**Instructions for the task**
Under this line is a listing; return exactly the lines starting at the one with "- Geordnetes Verstauen von Gartenutensilien" and running down to the one with "Hendrik Savrij kunstwerk", and leave out its pictures.

**Input**

-------------------------

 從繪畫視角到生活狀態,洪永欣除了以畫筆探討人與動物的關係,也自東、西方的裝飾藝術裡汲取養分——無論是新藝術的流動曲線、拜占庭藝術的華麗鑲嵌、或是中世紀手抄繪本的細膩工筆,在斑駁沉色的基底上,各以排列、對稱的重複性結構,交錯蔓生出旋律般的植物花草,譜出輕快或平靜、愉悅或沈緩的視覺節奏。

-------------------------

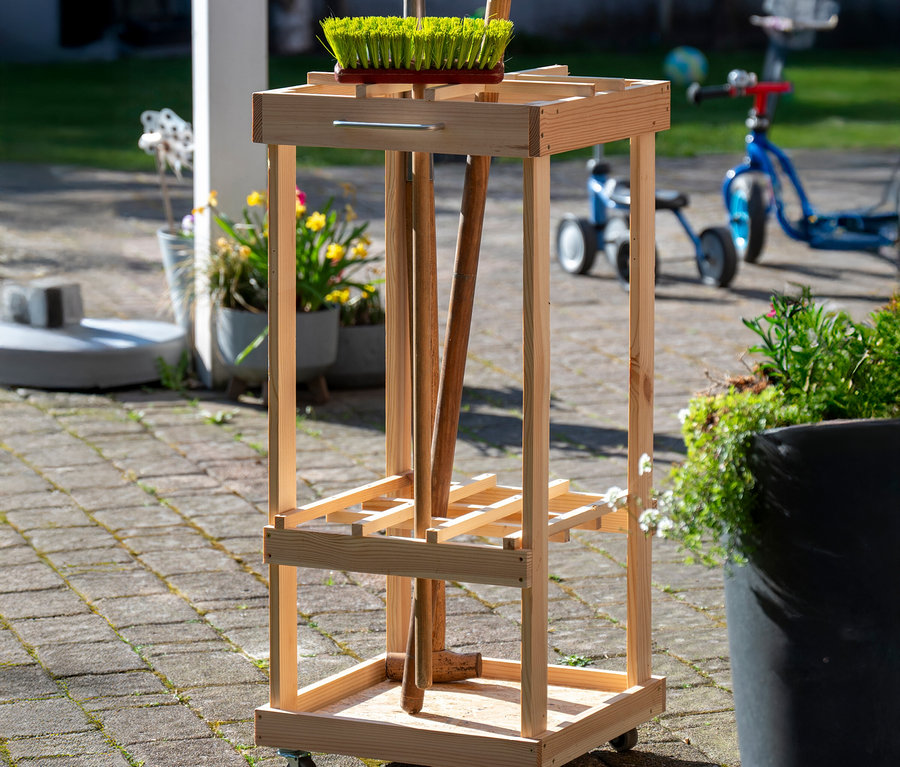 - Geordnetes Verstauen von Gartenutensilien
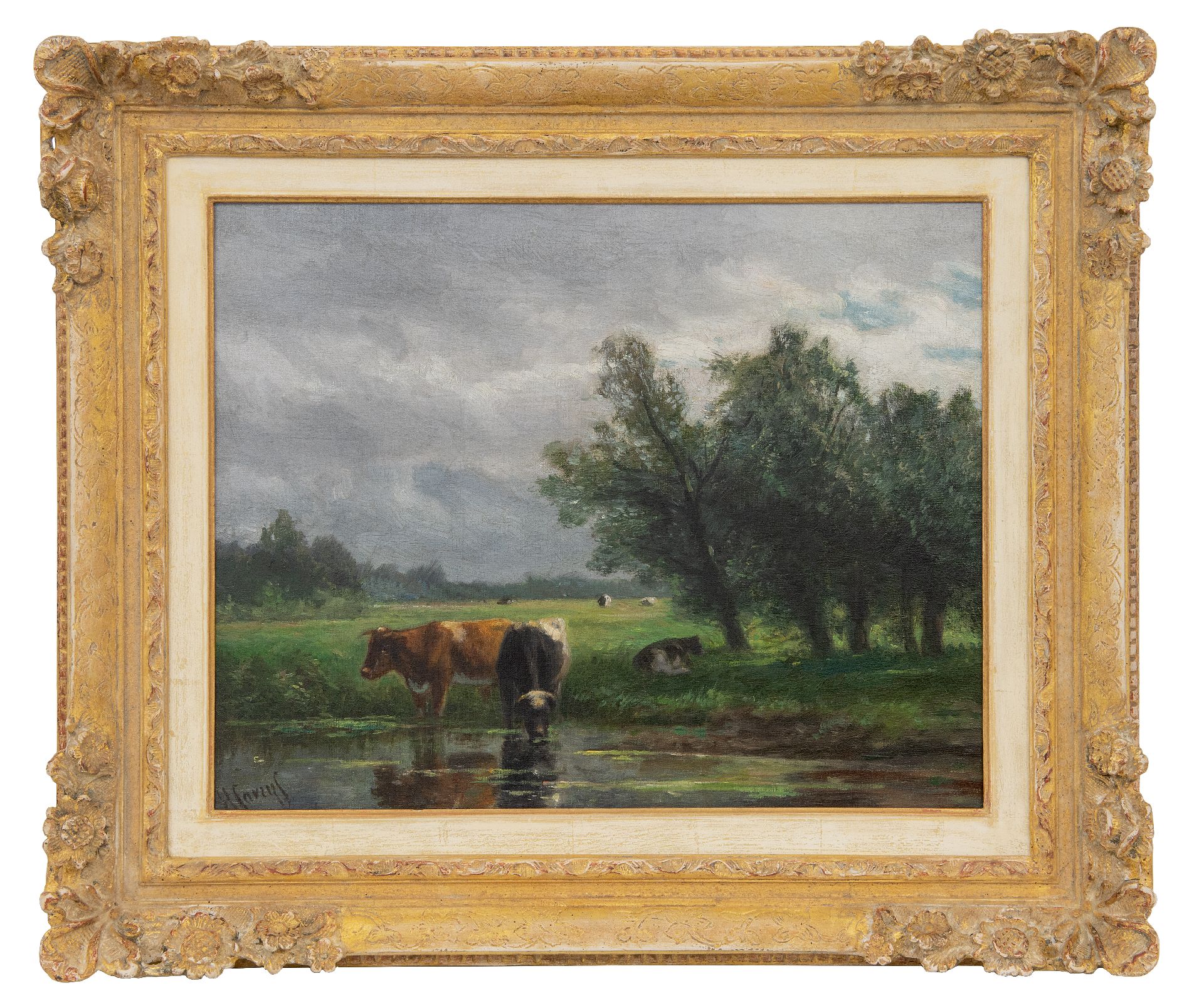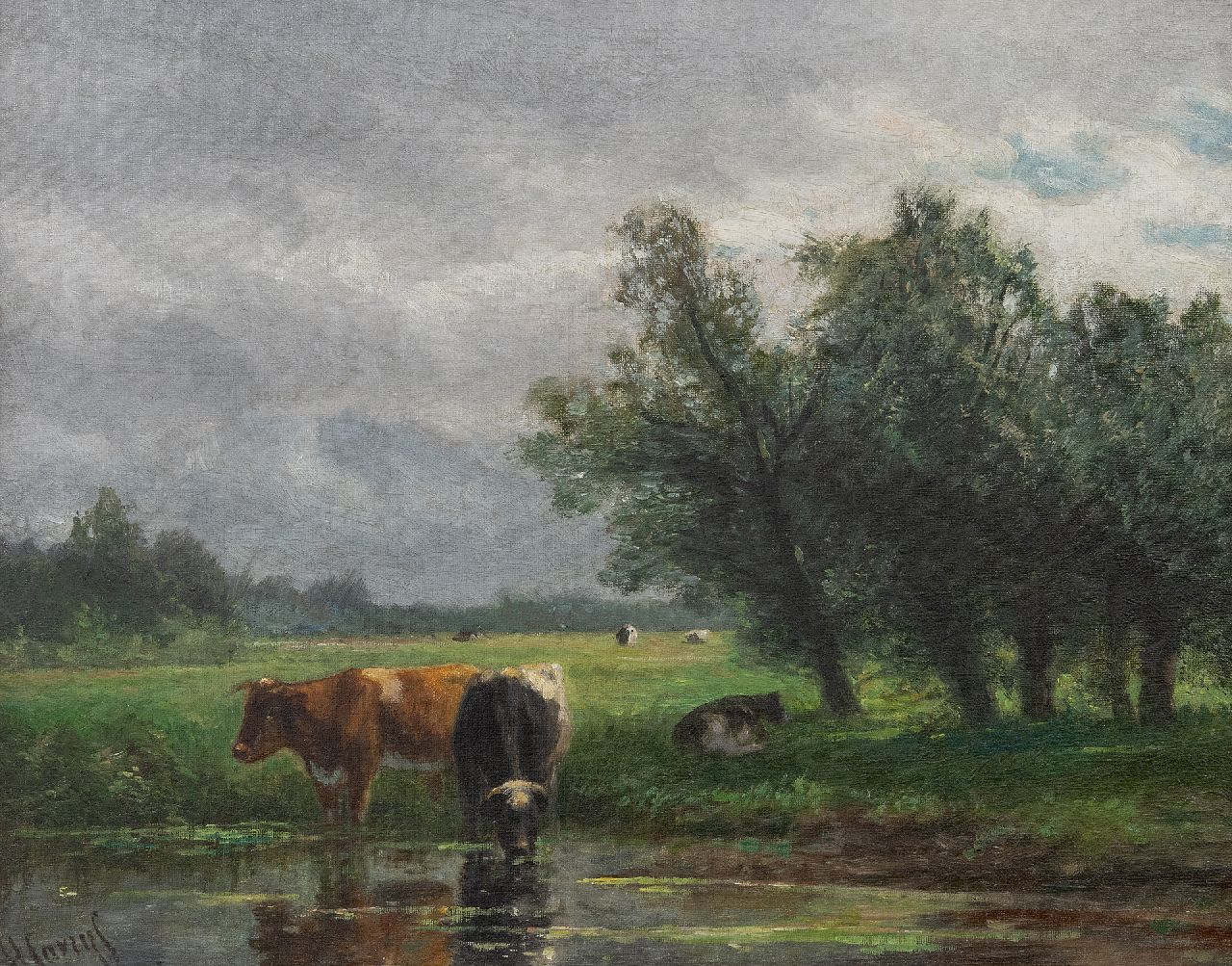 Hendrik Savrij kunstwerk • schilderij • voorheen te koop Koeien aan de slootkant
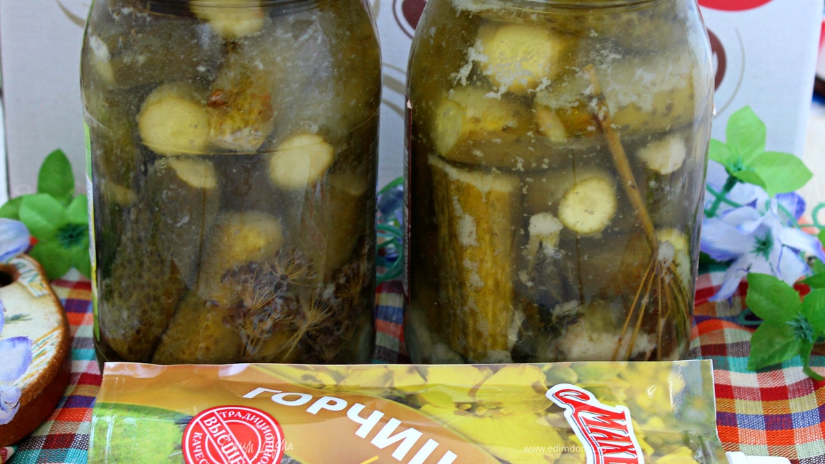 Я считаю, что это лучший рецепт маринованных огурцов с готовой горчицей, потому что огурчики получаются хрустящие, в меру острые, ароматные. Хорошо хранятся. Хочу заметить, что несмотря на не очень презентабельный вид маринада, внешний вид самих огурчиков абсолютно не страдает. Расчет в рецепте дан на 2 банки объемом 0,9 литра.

-------------------------

**Finished exercise**
 - Geordnetes Verstauen von Gartenutensilien
 Hendrik Savrij kunstwerk • schilderij • voorheen te koop Koeien aan de slootkant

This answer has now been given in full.